Exercise data below:
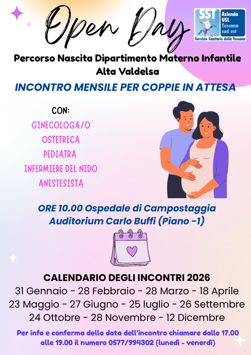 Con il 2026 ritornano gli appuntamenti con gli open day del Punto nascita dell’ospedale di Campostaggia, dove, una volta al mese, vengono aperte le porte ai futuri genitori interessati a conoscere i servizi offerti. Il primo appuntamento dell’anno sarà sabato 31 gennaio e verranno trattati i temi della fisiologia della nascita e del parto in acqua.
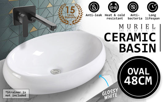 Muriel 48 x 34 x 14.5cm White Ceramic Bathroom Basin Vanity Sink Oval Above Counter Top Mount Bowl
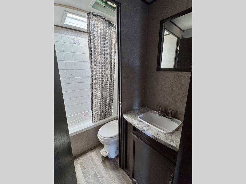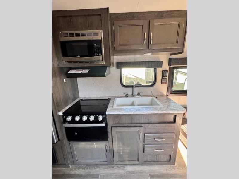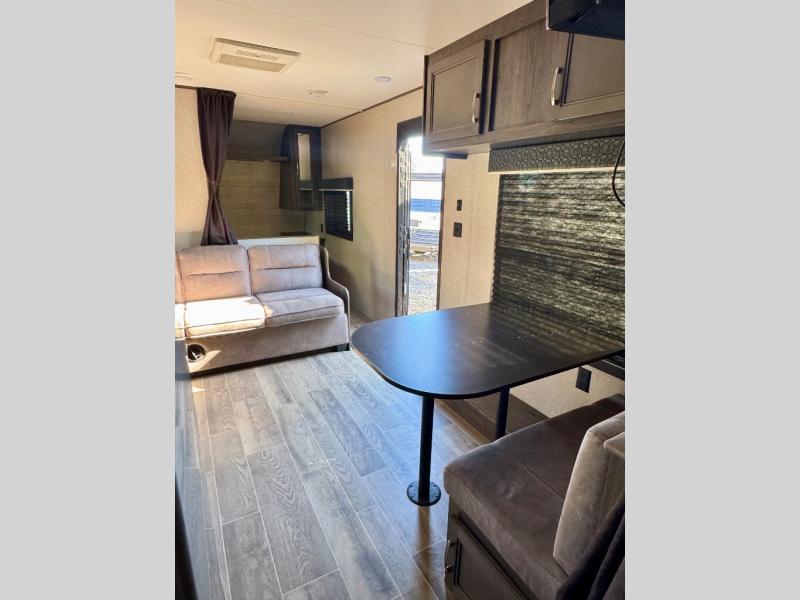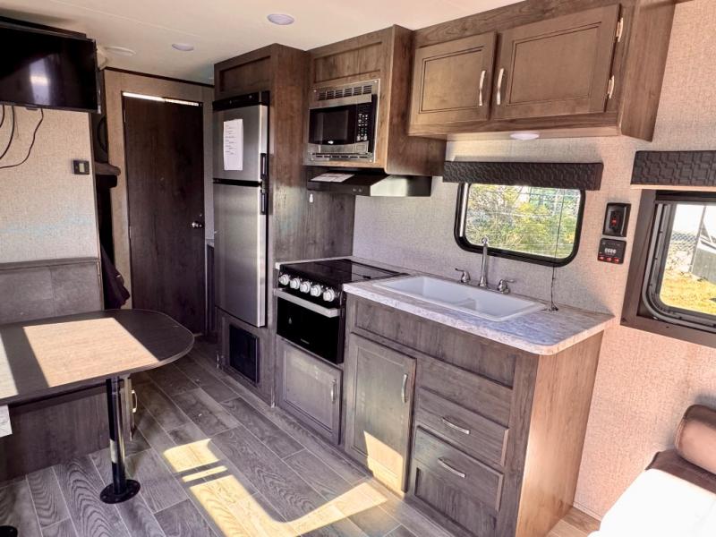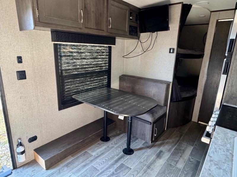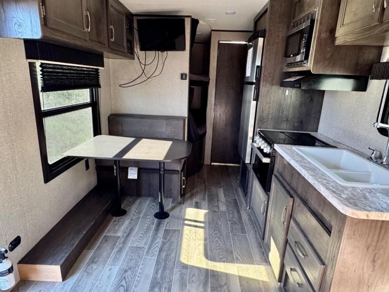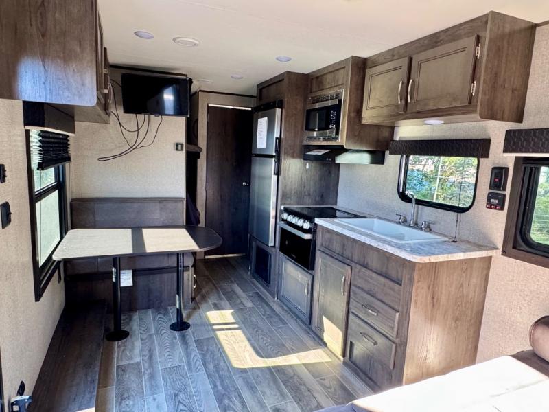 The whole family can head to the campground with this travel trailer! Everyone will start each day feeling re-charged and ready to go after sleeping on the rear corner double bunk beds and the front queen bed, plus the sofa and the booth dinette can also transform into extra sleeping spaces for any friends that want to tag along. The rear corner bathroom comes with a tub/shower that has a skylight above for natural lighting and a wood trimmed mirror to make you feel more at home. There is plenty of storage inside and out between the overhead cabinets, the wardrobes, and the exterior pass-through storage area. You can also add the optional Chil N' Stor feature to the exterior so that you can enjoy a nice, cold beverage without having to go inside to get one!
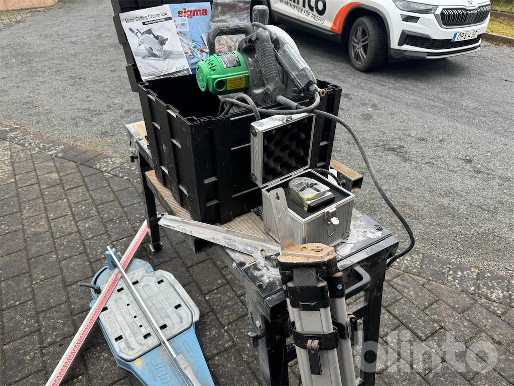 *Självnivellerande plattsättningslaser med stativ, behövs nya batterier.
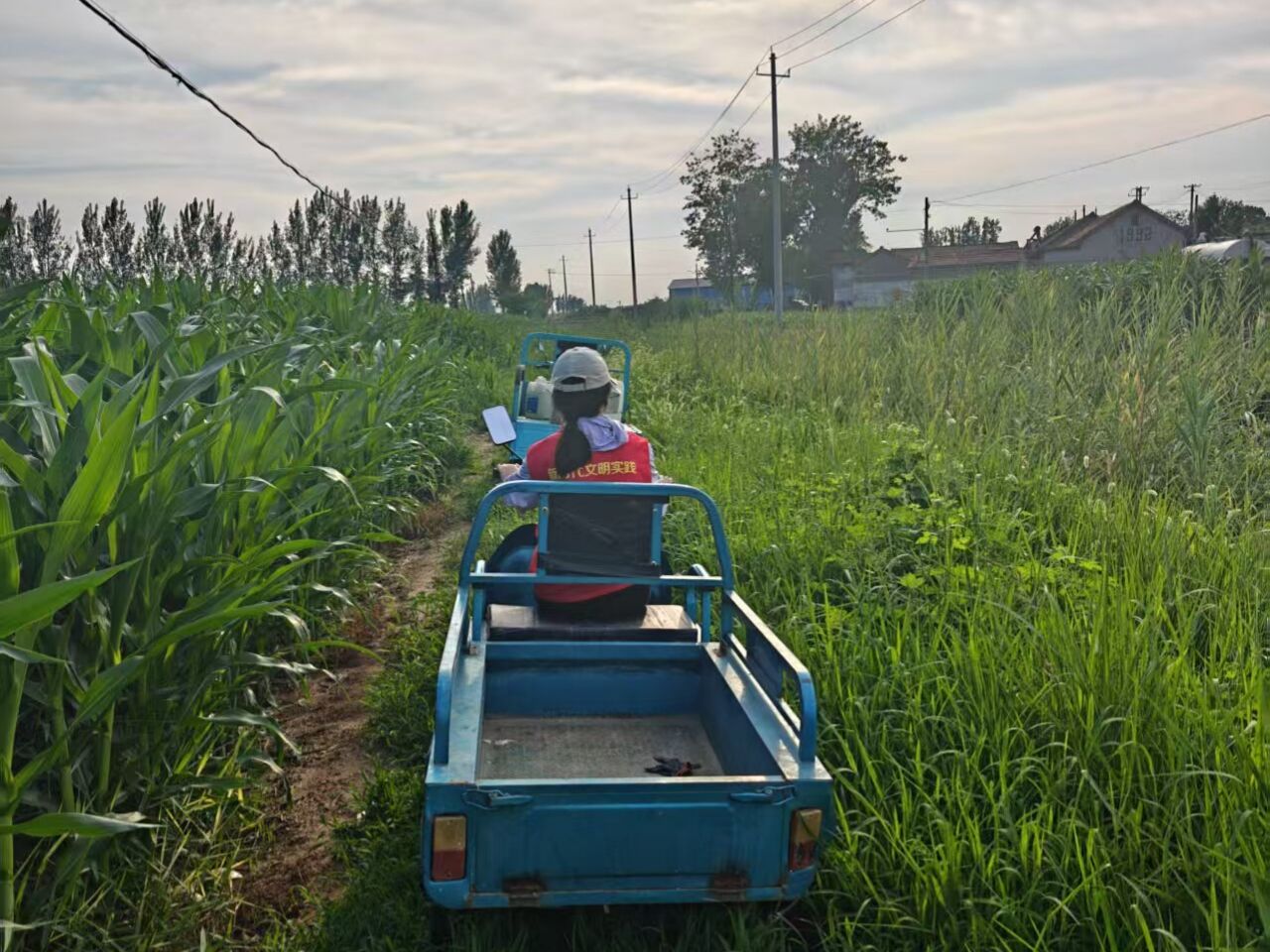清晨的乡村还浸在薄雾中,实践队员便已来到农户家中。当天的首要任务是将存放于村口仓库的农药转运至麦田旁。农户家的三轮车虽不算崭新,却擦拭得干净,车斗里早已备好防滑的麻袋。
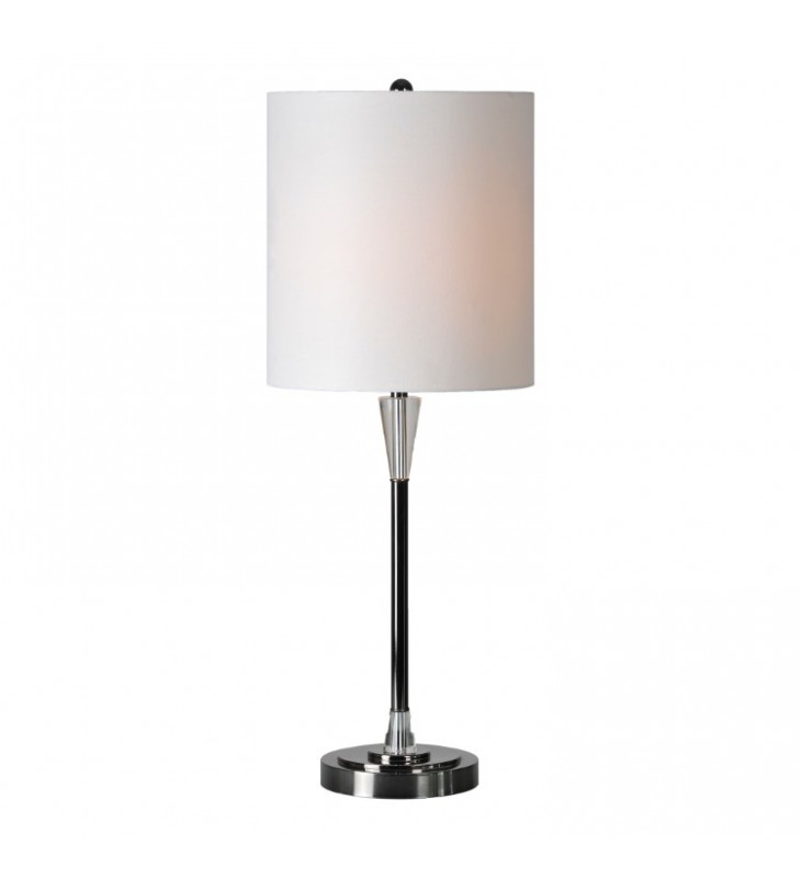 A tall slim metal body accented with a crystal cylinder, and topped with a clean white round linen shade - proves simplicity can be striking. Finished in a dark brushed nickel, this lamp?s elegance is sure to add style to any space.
End of Exercise data.
Everything in the listing must be restated word for word, except for the pictures.

 Con il 2026 ritornano gli appuntamenti con gli open day del Punto nascita dell’ospedale di Campostaggia, dove, una volta al mese, vengono aperte le porte ai futuri genitori interessati a conoscere i servizi offerti. Il primo appuntamento dell’anno sarà sabato 31 gennaio e verranno trattati i temi della fisiologia della nascita e del parto in acqua.
 Muriel 48 x 34 x 14.5cm White Ceramic Bathroom Basin Vanity Sink Oval Above Counter Top Mount Bowl
 The whole family can head to the campground with this travel trailer! Everyone will start each day feeling re-charged and ready to go after sleeping on the rear corner double bunk beds and the front queen bed, plus the sofa and the booth dinette can also transform into extra sleeping spaces for any friends that want to tag along. The rear corner bathroom comes with a tub/shower that has a skylight above for natural lighting and a wood trimmed mirror to make you feel more at home. There is plenty of storage inside and out between the overhead cabinets, the wardrobes, and the exterior pass-through storage area. You can also add the optional Chil N' Stor feature to the exterior so that you can enjoy a nice, cold beverage without having to go inside to get one!
 *Självnivellerande plattsättningslaser med stativ, behövs nya batterier.
清晨的乡村还浸在薄雾中,实践队员便已来到农户家中。当天的首要任务是将存放于村口仓库的农药转运至麦田旁。农户家的三轮车虽不算崭新,却擦拭得干净,车斗里早已备好防滑的麻袋。
 A tall slim metal body accented with a crystal cylinder, and topped with a clean white round linen shade - proves simplicity can be striking. Finished in a dark brushed nickel, this lamp?s elegance is sure to add style to any space.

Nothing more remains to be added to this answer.